S-Profit had been named in South Sudanese government documents, seen by Amnesty, as one of its prospective weapons suppliers.
United Kingdom records showed the company was set up in 2011, with New Zealander Ian Taylor the sole director.
S-Profit was later possibly used as a front for a United Arab Emirates-based business to buy small arms from a Ukrainian manufacturer on behalf of South Sudan, Amnesty said.
Amnesty said weapons illegally supplied by entities like S-Profit were being used in South Sudan’s nearly four-year civil conflict to commit countless human rights abuses.
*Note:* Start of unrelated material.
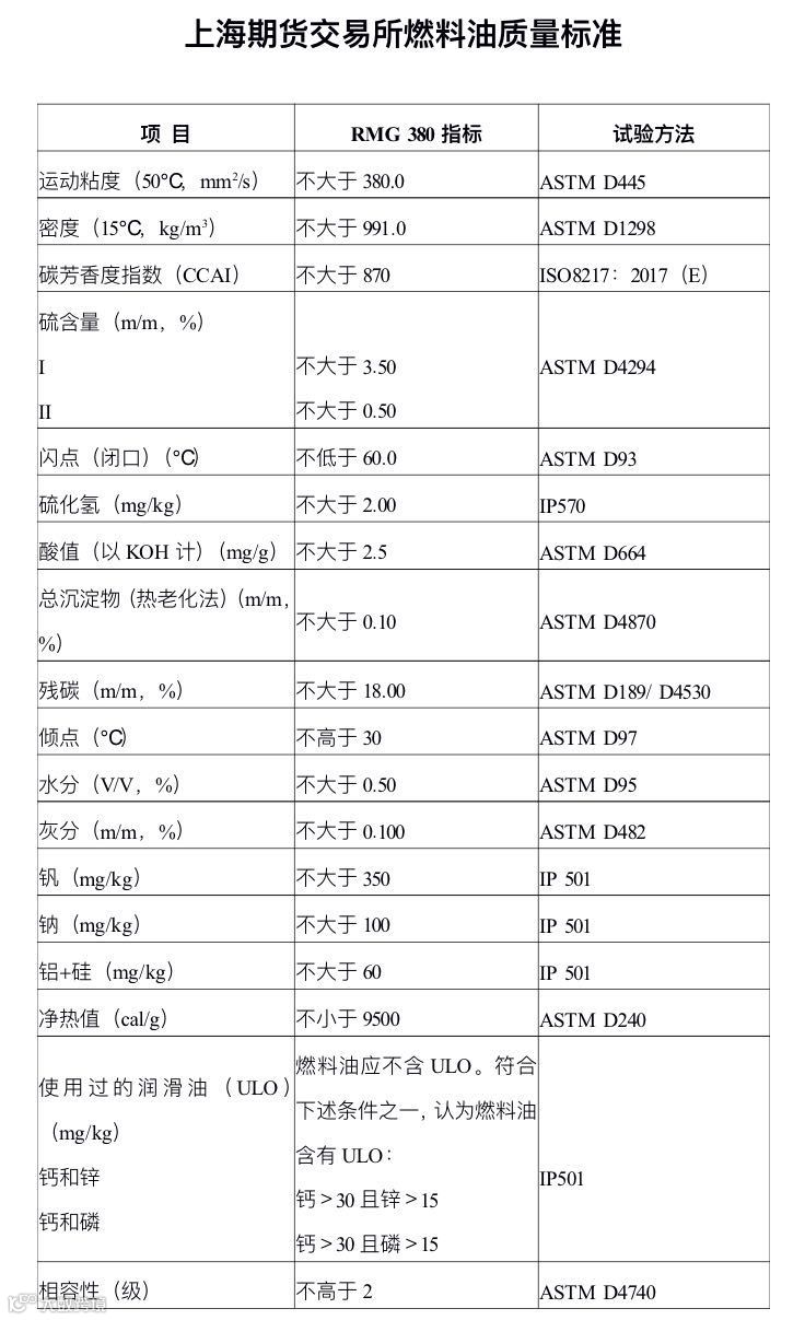 四、交割品级“180CST燃料油(具体质量规定见附件)或质量优于该标准的其他燃料油”修改为:“RMG 380船用燃料油(硫含量为I级、II级)或者质量优于该标准的船用燃料油(具体质量规定见附件)”;
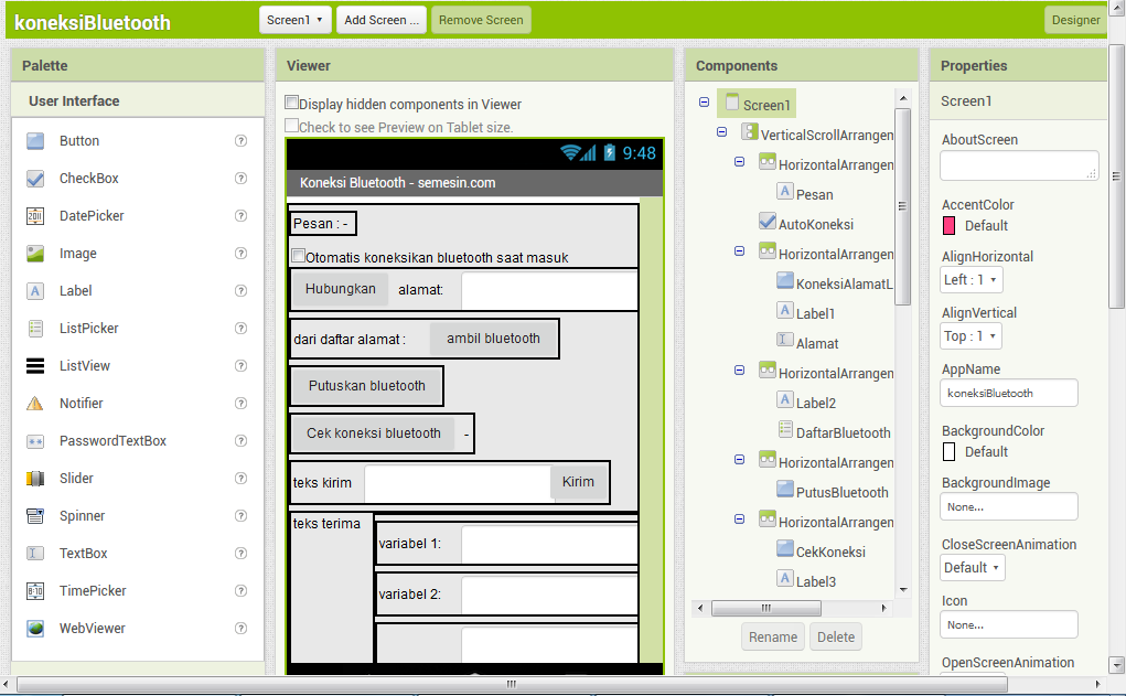 Daftar perangkat bluetooth yang terhubung ke android bisa diambil sebagai referensi alamat. Sebelum digunakan, elemen ‘listPicker’ digunakan sebagai penampung daftar bluetooth yang tersedia.

“All parties to the conflict have used a range of weapons to horrific effect, killing, raping and maiming thousands of civilians, and displacing countless more,” Amnesty said.
Mr Taylor’s alleged role in acting as a front to set up shell companies before passing them on to others shows how arms dealers and others were abusing how easy it was to set up UK companies, Amnesty said.
It said Mr Taylor appeared to have no connection to the UK when he set S-Profit up.
The day after S-Profit was established, Mr Taylor’s shareholding was transferred to a Ukrainian national.
Mr Taylor denied registering “any UK Companies” when approached by Amnesty.
“I have no knowledge of S-Profit, other than I have at some point, been listed as a director of this company in the UK,” he said.
However, Amnesty said he was the listed director for more than 200 other UK companies.
It questioned how this was possible given Mr Taylor already had an infamous history setting up “shell companies” in foreign countries on behalf of others.
The Taylor family made headlines in 2009 after a NZ registered shell company SP Trading Ltd was found to have leased a plane that was forced down in Thailand. It was later revealed to be flying 35 tonnes of North Korean weaponry to Iran.
US prosecutors also named the Auckland-based business Mr Taylor ran with his father, called GT Group, as having set up companies used to launder money for North Korean arms deals and for the Mexican Sinaloa drug cartel.
Amnesty called on the UK government to tighten its oversight of how companies are formed in its jurisdiction and also for the United Nations to set up an international embargo on the supply of weapons to South Sudan.